Tuesday, May 04, 2010

Sobreviver

"Como o fino manto de cetim..."

"Seria uma forma pretensiosa de começar", pensou ele. Para perguntar-se, a seguir, se pretendia mesmo começar algo. Como se o houvessem advertido de que não são ruins as idéias, mas sua execução. Talvez alguém tenha dito que o passo inicial é o mais difícil. Talvez, não...várias pessoas disseram isto, para ele inclusive. Daí que uma referência tão grave o assustasse não pelo conteúdo, mas pelo desenvolvimento que mereceria. Afinal, deixar de se repetir nunca fora fácil, mas admitir a pretensão era algo novo.

Olhou para o guardanapo na mesa e olhou para a mesa, já bastante molhada, como se com o gelo derretido que escoria sobre ela não apenas seus pensamentos ficassem mais escorregadios, mas também seus desejos, e aqui incluíam-se os desejos por reconhecimento, se tornassem parte daquele melaço pegajoso e até mesmo fedido que insistia em se formar ali. Pode ser até que a insistência fosse sua em sentar-se ali, onde sabia que o curso da água (do gelo da garrafa para a mesa, daí virando água que se misturaria à sujeira e escorreria pelos vãos sobre sua perna e o chão de onde evaporaria como que para espantá-lo, para mostrar que nem ela - a água - estava aferrada àquele ou a qualquer outro lugar e que por isso ele deveria deixá-la em paz), o curso da água seria o único movimento.
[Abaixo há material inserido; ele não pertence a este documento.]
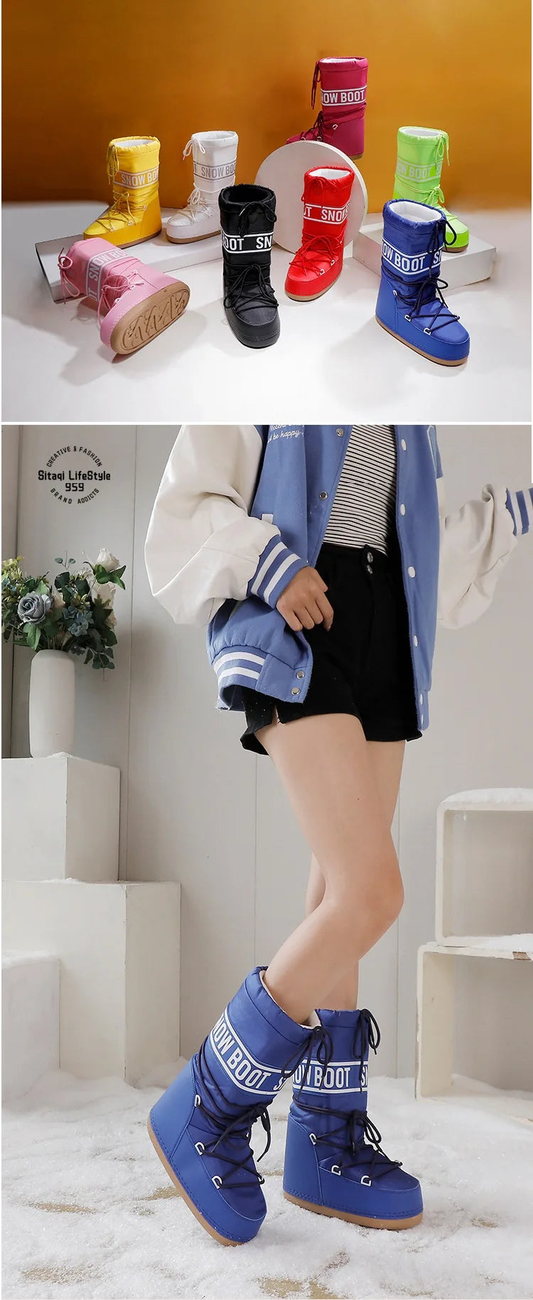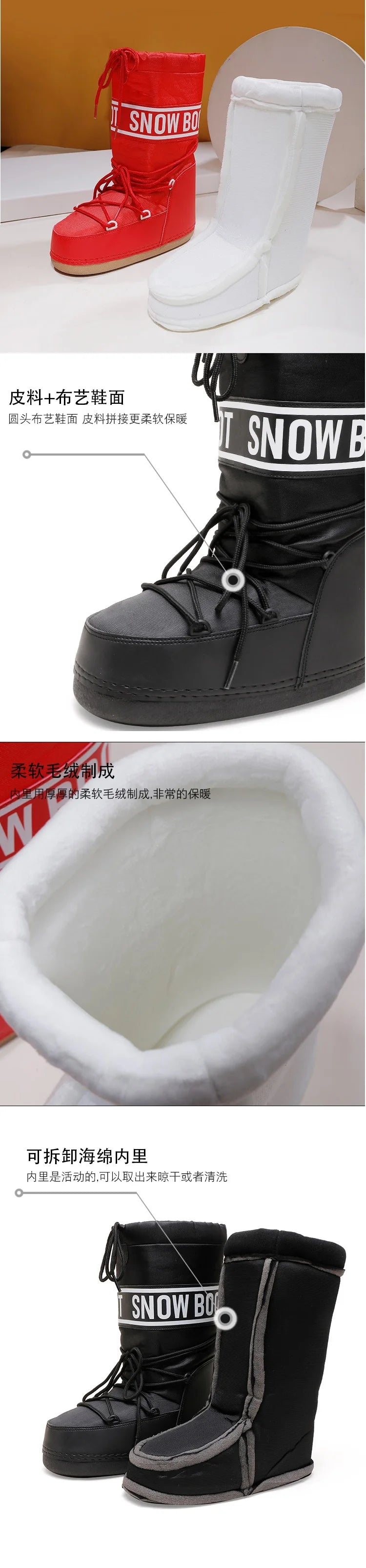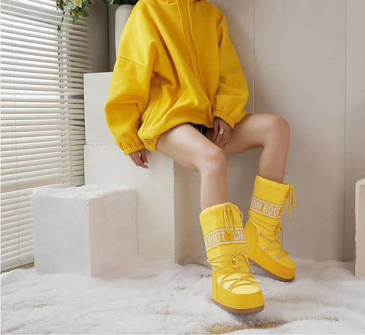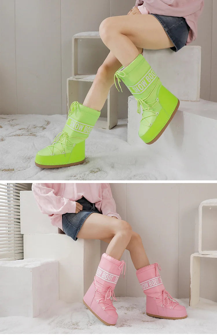 Winter Boots Women Snow Boots Mid-calf Cold-proof Antiskid Thicken Plush Waterproof Thick Platform Space Ski Boots Size 35-43

No guardanapo poderia, pois, escrever. Mas não na mesa. Estava novamente limitado à mera imagem da escrita. Desta vez por conta daquela minúscula camada de gelo. Minúscula.
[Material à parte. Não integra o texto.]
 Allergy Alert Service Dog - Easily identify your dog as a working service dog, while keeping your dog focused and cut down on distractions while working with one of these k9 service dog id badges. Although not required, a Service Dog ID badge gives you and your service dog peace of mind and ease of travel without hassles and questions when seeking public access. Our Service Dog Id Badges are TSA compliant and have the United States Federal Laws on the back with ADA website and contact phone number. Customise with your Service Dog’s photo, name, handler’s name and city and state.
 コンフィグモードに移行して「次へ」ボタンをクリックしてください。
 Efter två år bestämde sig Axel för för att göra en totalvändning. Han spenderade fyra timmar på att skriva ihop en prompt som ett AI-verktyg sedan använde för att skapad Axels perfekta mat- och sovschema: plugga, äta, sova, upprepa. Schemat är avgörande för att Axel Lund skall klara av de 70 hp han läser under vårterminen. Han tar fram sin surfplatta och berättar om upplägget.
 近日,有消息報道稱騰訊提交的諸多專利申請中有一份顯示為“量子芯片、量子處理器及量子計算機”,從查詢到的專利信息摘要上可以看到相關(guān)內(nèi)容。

""Como o fino manto de cetim"" continuou ""que deveria cobrir os ombros da virgem, o prazer de saber-se o guardião alheio torna-se dor por ser responsável por algo tão frágil.". Ou algo que parece tão frágil".

Gostou da palavra "alheio". Alheio à água que esfriava suas mãos, escorria em seus joelhos, molhava seus pés, e incomodava seu nariz. Que não lhe convencera que ele não estava aferrado àquele lugar.